◆ Exercise objective: What you return should be the complete listing, unchanged, with no pictures in it.

◆ Available data:

[Start of section]

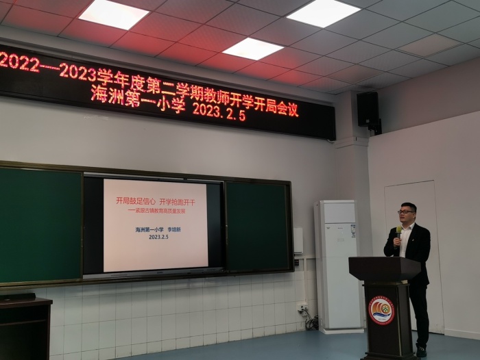 人勤春来早,奋进正当时。凡事预则立,不预则废。为保证开学工作平稳有序,同时为全体教职工指明新一年的奋斗目标,2月5日下午,海洲第一小学全体教职工齐聚报告厅开展2023年春季开学工作会议,新一年的教育教学征程由此正式开启。
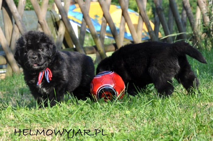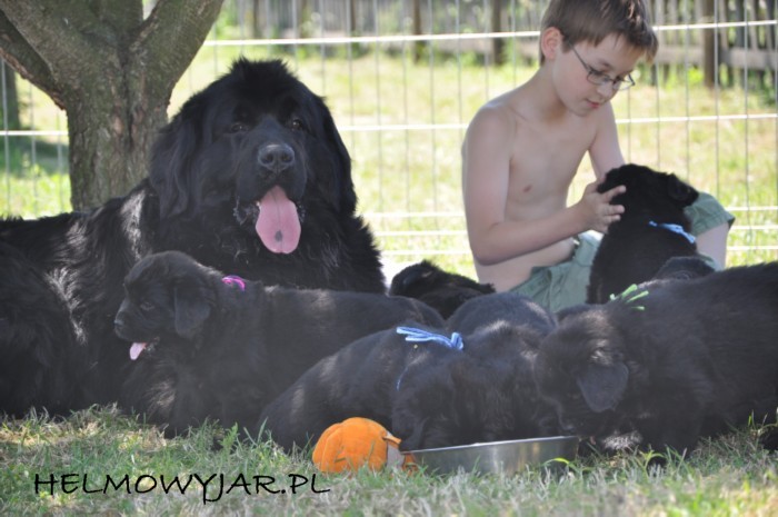Mamą szczeniąt - 3 piesków i 5 suczek ( wszystkie maluchy są czarne ) jest urodzona u nas młoda - 2,5 letnia suczka. Farina jest dużą, o mocnej kości, proporcjonalnie zbudowana nowofundlandką. Ma elegancką, suczą w wyrazie głowę i piękne ciemno brązowe oczy, które potrafią " wyprosić" u mnie wszystko...Bardzo cenię u Fariny jej charakter i temperament. Jest wesoła i skora do zabawy - w końcu ma dopiero 2,5 roku - i to zapewne odziedziczyła po swojej żywiołowej babci Lunie. A po swojej mamie Ajshy potrafi zachować spokój, wyciszyć się, być niezwykle ostrożną - co świetnie było widać podczas jej zabaw z całkiem małymi dziecmi naszych znajomych, a teraz jest tak pożadane gdy z taką troską i uwagą zajmuje sie swoimi maleństwami. Więcej o Farinie w jej zakładce i w Galerii...
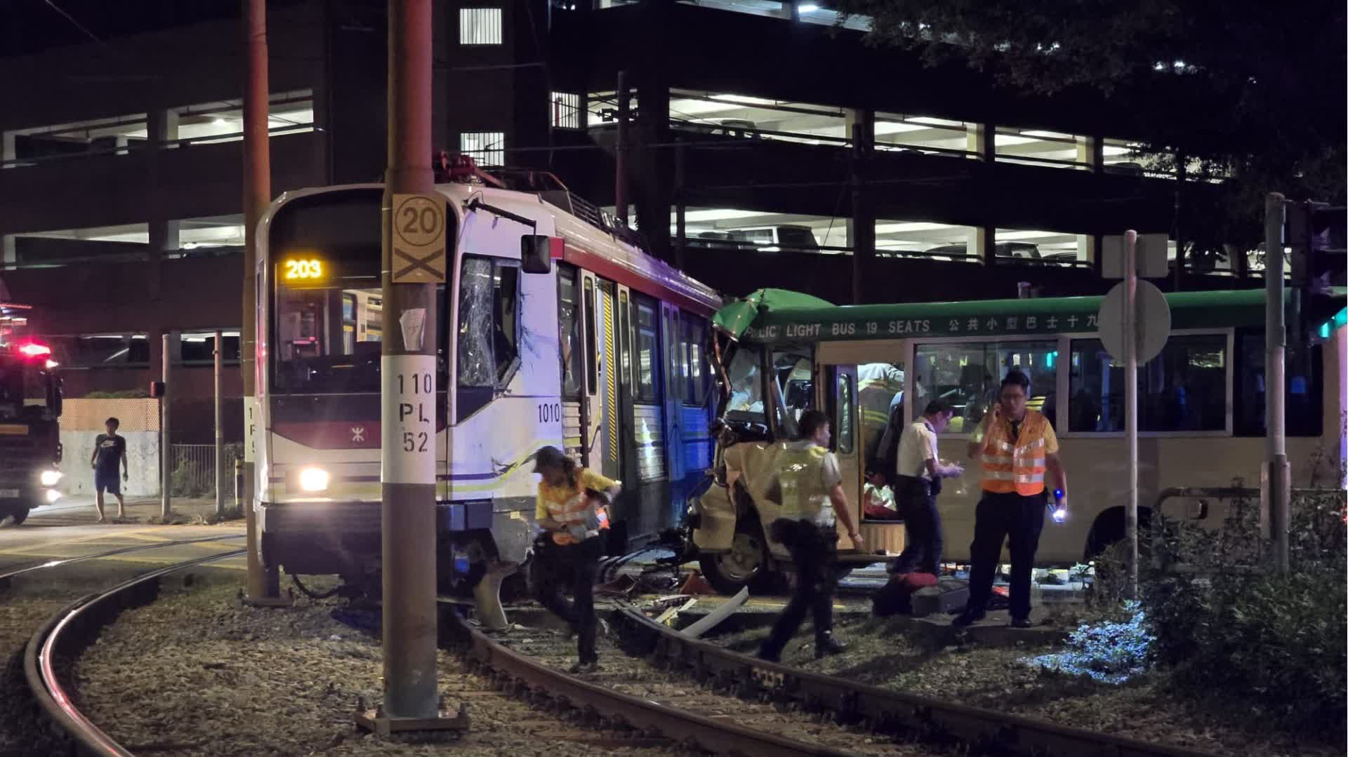 警方表示,今日(2日)凌晨0時48分,一輛輕鐵列車沿青麟路往屯門方向行駛,另一輛小巴沿青麟路往落馬洲方向行駛,當駛至青麟路時,小巴懷疑撞向輕鐵列車。消防接報到場,64歲馮姓小巴男司機腳部受傷被困,由消防救出,34歲何姓車長頭部受傷,兩車6男4女乘客受輕傷,年齡介乎16歲至66歲,12名傷者清醒被送往屯門醫院治理。

[End of section]

◆ Result for this exercise:
 人勤春来早,奋进正当时。凡事预则立,不预则废。为保证开学工作平稳有序,同时为全体教职工指明新一年的奋斗目标,2月5日下午,海洲第一小学全体教职工齐聚报告厅开展2023年春季开学工作会议,新一年的教育教学征程由此正式开启。
Mamą szczeniąt - 3 piesków i 5 suczek ( wszystkie maluchy są czarne ) jest urodzona u nas młoda - 2,5 letnia suczka. Farina jest dużą, o mocnej kości, proporcjonalnie zbudowana nowofundlandką. Ma elegancką, suczą w wyrazie głowę i piękne ciemno brązowe oczy, które potrafią " wyprosić" u mnie wszystko...Bardzo cenię u Fariny jej charakter i temperament. Jest wesoła i skora do zabawy - w końcu ma dopiero 2,5 roku - i to zapewne odziedziczyła po swojej żywiołowej babci Lunie. A po swojej mamie Ajshy potrafi zachować spokój, wyciszyć się, być niezwykle ostrożną - co świetnie było widać podczas jej zabaw z całkiem małymi dziecmi naszych znajomych, a teraz jest tak pożadane gdy z taką troską i uwagą zajmuje sie swoimi maleństwami. Więcej o Farinie w jej zakładce i w Galerii...
 警方表示,今日(2日)凌晨0時48分,一輛輕鐵列車沿青麟路往屯門方向行駛,另一輛小巴沿青麟路往落馬洲方向行駛,當駛至青麟路時,小巴懷疑撞向輕鐵列車。消防接報到場,64歲馮姓小巴男司機腳部受傷被困,由消防救出,34歲何姓車長頭部受傷,兩車6男4女乘客受輕傷,年齡介乎16歲至66歲,12名傷者清醒被送往屯門醫院治理。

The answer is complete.